Bosu squat and press
Loving the water is just one more great reason to live in Austin. In addition to looking great on the water this summer, you know you want to pull off some rad moves behind the boat. Pure Austin Fitness Specialist Kathy Redden’s loves to get behind the boat and “wakesurf.” Wakesurfing involves “surfing” the wake behind a ski boat
on a surfboard. It’s so fun! Now is the time to get prepared for the season by starting your cross-training.
Kathy says: Work the Wave
You have to be strong in your obliques and hips to be able to stabilize the board while you move up and down the wave. The fol- lowing two exercises are great for the obiques and hips.
Side to Side Medicine Ball Slams.
Start seated, holding a medicine ball, with your feet in the air. Twist side to side and hit or “slam” the ball to ground on each side of your hips…..hit hard, make some noise! Work up to 30 slams (15 each side) per set. Start with 2 sets, with 30 seconds rest between sets, and progress to 3 sets. Be sure to maintain good posture, and keep your abs tight but don’t hold your breath. To add extra challenge, bring your gaze up towards the ceiling.
The second exercise is a medicine ball chop.

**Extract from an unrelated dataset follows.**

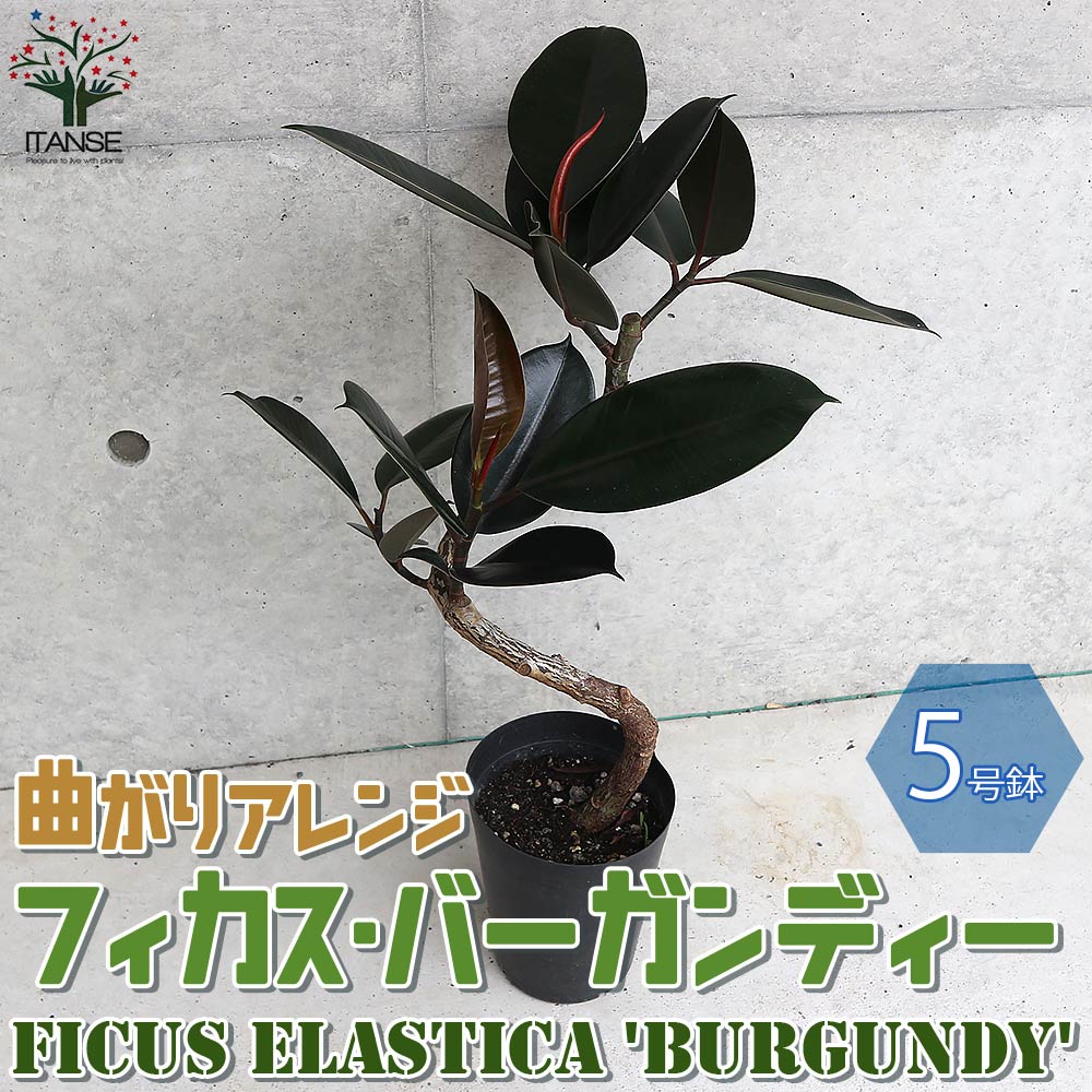 曲り仕立て ゴムの木の仲間 リビングやオフィス向きサイズ フィカス・バーガンディー【観葉植物 5号プラスチック鉢/1個売り】

Stand with feet hips-width apart holding the medicine ball. Swing down, bringing the ball towards your left foot, then swing up and reach up in to the air to right side. Imagine you are hitting a target above and behind you (keep your arms 90 percent straight throughout the whole movement). Repeat 15 times on this side, then switch sides. Start with 2 sets, with a 30-second rest between sets. Progress to 3 sets. Here’s another important wakesurfing tip: Don’t dip the nose! If you catch an edge, you will go down! These exercises can help you prepare for smooth surfing.
Bosu isometric staggered squats.
When wakesurfing, most of your weight is on your back leg, so it needs to be as strong as steel. The front leg is agile and light, steering the board but not dipping the nose. Turn the Bosu so the blue side is down. Carefully, with a spot or the wall, get on the flat side. Take a staggered (surfboard) stance, basically a shortened lunge stance. Keep your front knee bent while dropping the back knee toward the ground. Hold at the bottom for 30 seconds, then switch feet. Do 3 sets on each leg. This is an awesome exercise for your surfboard-legs strength!
Bosu squat and press.
Again, turn the Bosu so the blue side is down. (Very) carefully step up to the flat side, and be sure to use a spot or a wall if you need one! Have some handweights nearby that you can grab once you get on.
Holding a weight in each hand, squat down, and then come back to standing while pressing the weights into an overhead shoulder press. The Bosu will add to instability and challenge the core while the legs are stabilizing. Practice getting steady on the unsteady surface! Do 15 reps, take a break, and repeat. Do 2-3 sets.